-------- Provided data

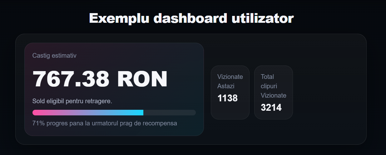 👉 Am primit acces la dashboard-ul de câștiguri
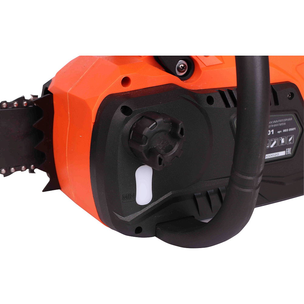 36 В, длина шины 16" / 40 см, шаг цепи 3/8", количеству зубьев цепи 57 шт., скорость цепи 21 м/с, Li-ion, 450х260х280 мм, 5,3 кг, без аккумулятора и зу
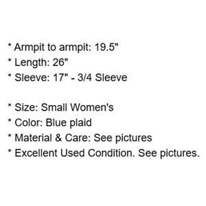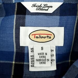 Talbots Linen Top Size Small Women's Blue Black Plaid Blouse Button Up Irish Linen Blend
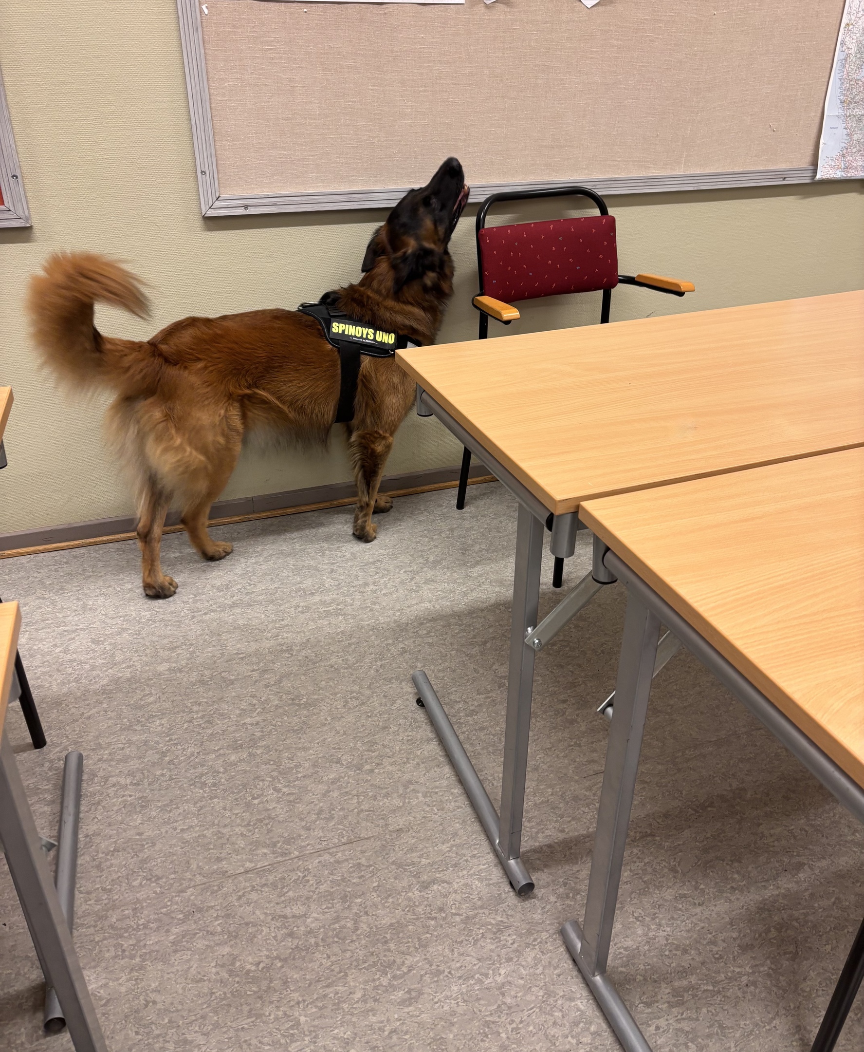Vår hund är utbildad och certifierad för sök efter narkotika/droger/vapen.

----------------

> [Task] An exact copy is needed of only the lines from the top of the material through the line with "36 В, длина"; no pictures belong in it.

> [Solved problem]
 👉 Am primit acces la dashboard-ul de câștiguri
 36 В, длина шины 16" / 40 см, шаг цепи 3/8", количеству зубьев цепи 57 шт., скорость цепи 21 м/с, Li-ion, 450х260х280 мм, 5,3 кг, без аккумулятора и зу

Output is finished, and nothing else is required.